Hubert Allison Allen (April 4, 1872 – May 14, 1942) was an American general who served during World War I.  He is strongly associated with the Iowa National Guard.

Early life 
Allen was born in Independence, Buchanan County, Iowa, the son of Joel Oliver Allen and Mary Jane (McGary) Allen. He graduated from Iowa State College in Ames, Iowa in 1892.

Military career 
On  April 26, 1898 Allen enlisted with the 49th Iowa Volunteer Infantry. He served in Havana, Cuba from December 19, 1898 to April 1899 where he took the surrender of and occupied the forts guarding Havana. While in Cuba, he was twice the provost-marshal of the Seventh Army Corps. In Savannah, Georgia, Allen was honorably discharged as a captain on May 13, 1899.

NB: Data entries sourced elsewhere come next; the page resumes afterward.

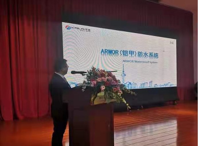上海開來濕克威防水總工、中國防水工大賽裁判、中國防水卷材類培訓師伏新合就我司推出的“ARMOR(鎧甲)百年防水系統(tǒng)”以及系統(tǒng)的研發(fā)及推廣應用情況做了詳細介紹,伏總通過國家政策及行業(yè)痛點的分析,闡述了打造百年防水系統(tǒng)的重要性,通過該系統(tǒng)的介紹,佐證了開來濕克威正在由材料銷售商向系統(tǒng)服務商轉變的發(fā)展方向,同時強調了ARMOR(鎧甲)百年系統(tǒng)對建筑防水起到的推動和維護作用。多年來,上海開來濕克威始終以呵護人類建筑安全為己任,呵護人類建筑安全。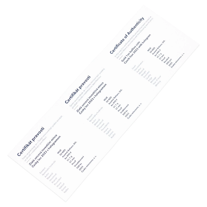 Niue: Czech Lion 1 uncja Złota 2023 Proof z Hologramem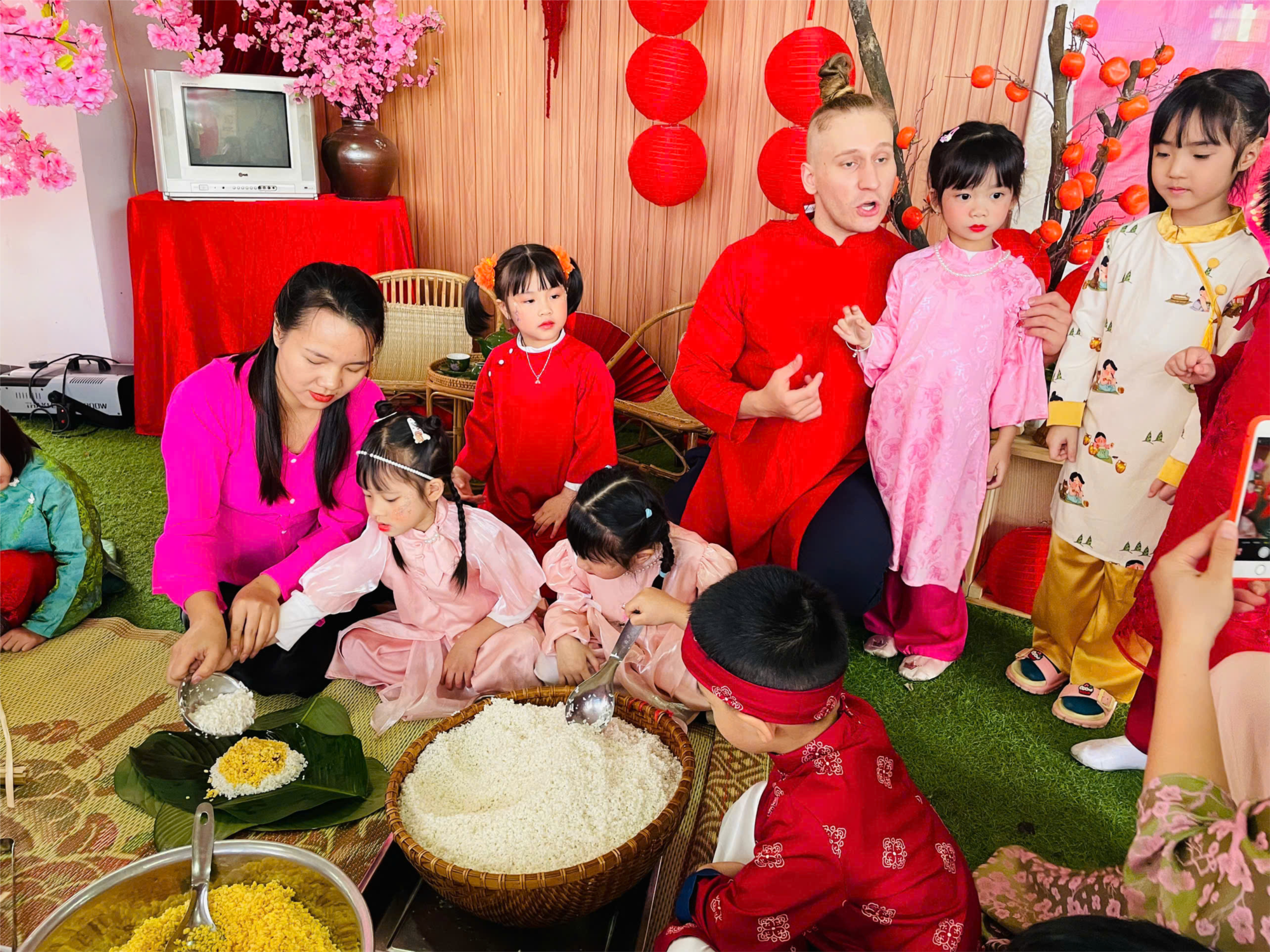 🎋 Rồi lại say mê trải nghiệm gói bánh chưng, sáng tạo chữ thư pháp, ghép tranh, đọc sách và chơi những trò vận động vui nhộn, học qua chơi ở khu công nghệ…

For twenty-five years, he was actively identified with the Iowa National Guard. On June 26, 1915, he was made brigadier general, Iowa National Guard, for service on the Mexican border. On August 4, 1917 he was promoted to brigadier general (National Army) and given command of the 67th Infantry Brigade, 34th Division, at Camp Cody, in New Mexico. Allen was acting commander of the 34th Division in December 1917 and from August to October 1918.

He also served in France from September 15, 1918 to April 30, 1919, where he graduated from the general officer school in Langres. He also commanded the 56th Infantry Brigade, 28th Infantry Division, of the Pennsylvania National Guard troops while in France.
 
Allen was discharged as a brigadier general (National Army) on May 15, 1919, but was then commissioned a colonel. After coming back from France, he had two years of duty in the Philippines commanding a regiment of Philippine Scouts and was sent to Panama to command the 14th Infantry. After returning to the United States, he served as a senior instructor to the Oregon National Guard until his retirement on September 30, 1935.

Civilian career
In his civilian life, he was the manager of the Iowa Telephone Company.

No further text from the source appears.